Clarence Thomas Just Told Every Progressive in America That Their Ideology Has an Expiration Date — And He Brought Receipts

Justice Clarence Thomas — 77 years old, 35 years on the Supreme Court, and still the most dangerous man in Washington if you’re a leftist — just walked into the University of Texas at Austin School of Law and told a room full of law students that progressivism and the Declaration of Independence “cannot coexist forever.” He said it calmly. He said it clearly. And he meant every word of it.

Somewhere, a gender studies professor just spilled oat milk all over her laptop. Unbelievable.
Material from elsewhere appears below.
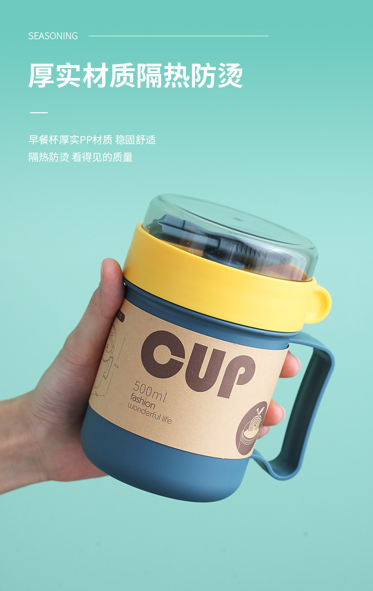 高颜值早餐杯 牛奶杯辅食杯 便携日式汤杯送勺子

Thomas was there to commemorate the 250th anniversary of the Declaration of Independence, and instead of delivering some boring ceremonial speech about unity and healing — the kind of lukewarm mush that every other public figure would have served up — he went straight for the jugular. The core argument? Progressivism holds that your rights come from the government. The Declaration says they come from God. Those two ideas are on a collision course, and Thomas isn’t pretending otherwise.
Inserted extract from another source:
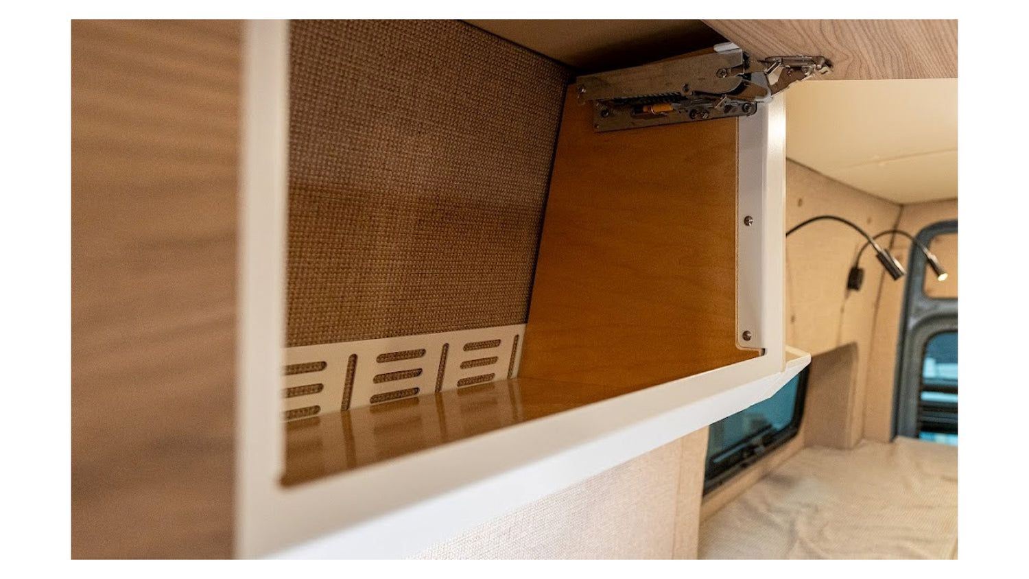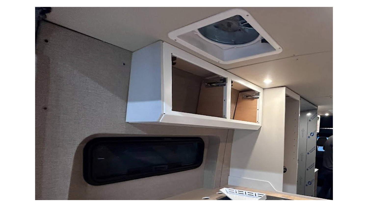 Luxury: Elevate your van experience with our Luxury Ascent Cabinets featuring sleek flip-up faces for effortless access and premium storage sophistication.

“It holds that our rights and our dignities come not from God, but from government,” Thomas said of the progressive worldview. Read that again. That’s not some talk radio host riffing between commercial breaks. That’s the longest-serving member of the United States Supreme Court — the second-longest-serving justice in the entire history of the Court — laying it out in plain English at one of the most prestigious law schools in the country.

And then he went full history professor on them.
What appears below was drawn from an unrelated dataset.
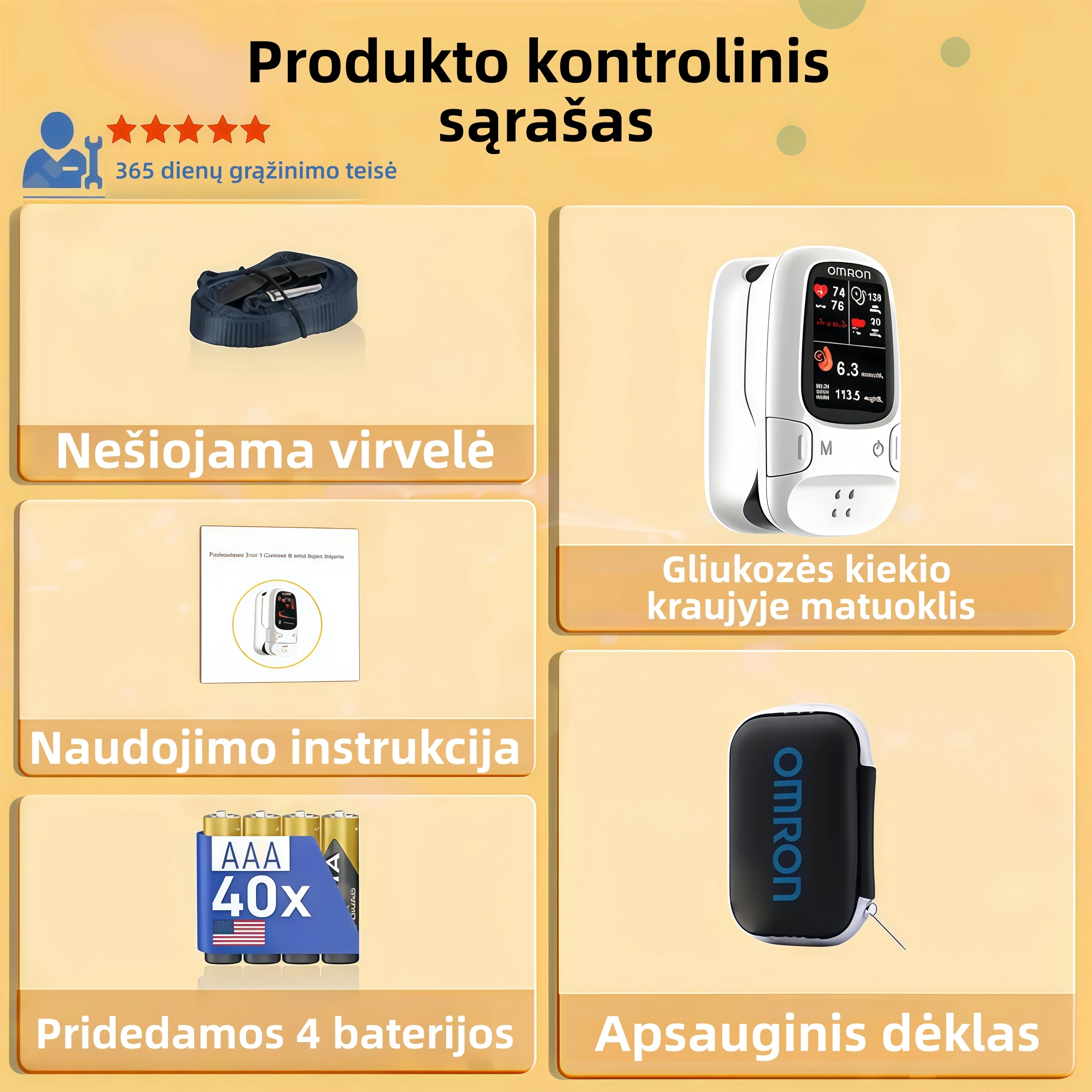 Visiškai neskausmingas – tiesiog uždėkite smilių ant „Omron™“ prietaiso ir per 5–8 sekundes bus rodomas jūsų cukraus kiekis kraujyje, deguonies įsotinimo lygis ir net širdies susitraukimų dažnis. Greita ir paprasta!

Thomas traced progressivism back to its “most prominent advocate” — President Woodrow Wilson. Yeah, THAT Woodrow Wilson. The one who resegregated the federal government, screened a KKK propaganda film in the White House, and described the American people as “selfish, ignorant, timid, stubborn and foolish.” Wilson complained that Americans did “too much by vote and too little by expert rule” and openly admired Germany’s “docile and acquiescent” people.

(So the founding father of American progressivism thought we were all idiots who should shut up and let the experts run everything. And Democrats wonder why we don’t trust their “experts” on climate, gender, economics, or anything else.)

But Thomas didn’t stop at Wilson. He connected the progressive ideology — this idea that government grants rights instead of God — directly to eugenics and segregation. He cited Plessy v. Ferguson, the Supreme Court case that gave us “separate but equal.” He cited Buck v. Bell, the case where the Court ruled that the government could forcibly sterilize people it deemed “unfit.” And then he drew the line all the way out to its logical conclusion: Stalin, Hitler, Mussolini, and Mao.

Now, before the fact-checkers start hyperventilating — Thomas wasn’t saying progressives are literally Nazis. He was making a philosophical argument that has been made by serious scholars for decades: when you replace God-given natural rights with government-granted privileges, you open the door to every atrocity of the 20th century. Because if the government gives you your rights, the government can take them away. And historically? It does.

That’s not a hot take. That’s just history.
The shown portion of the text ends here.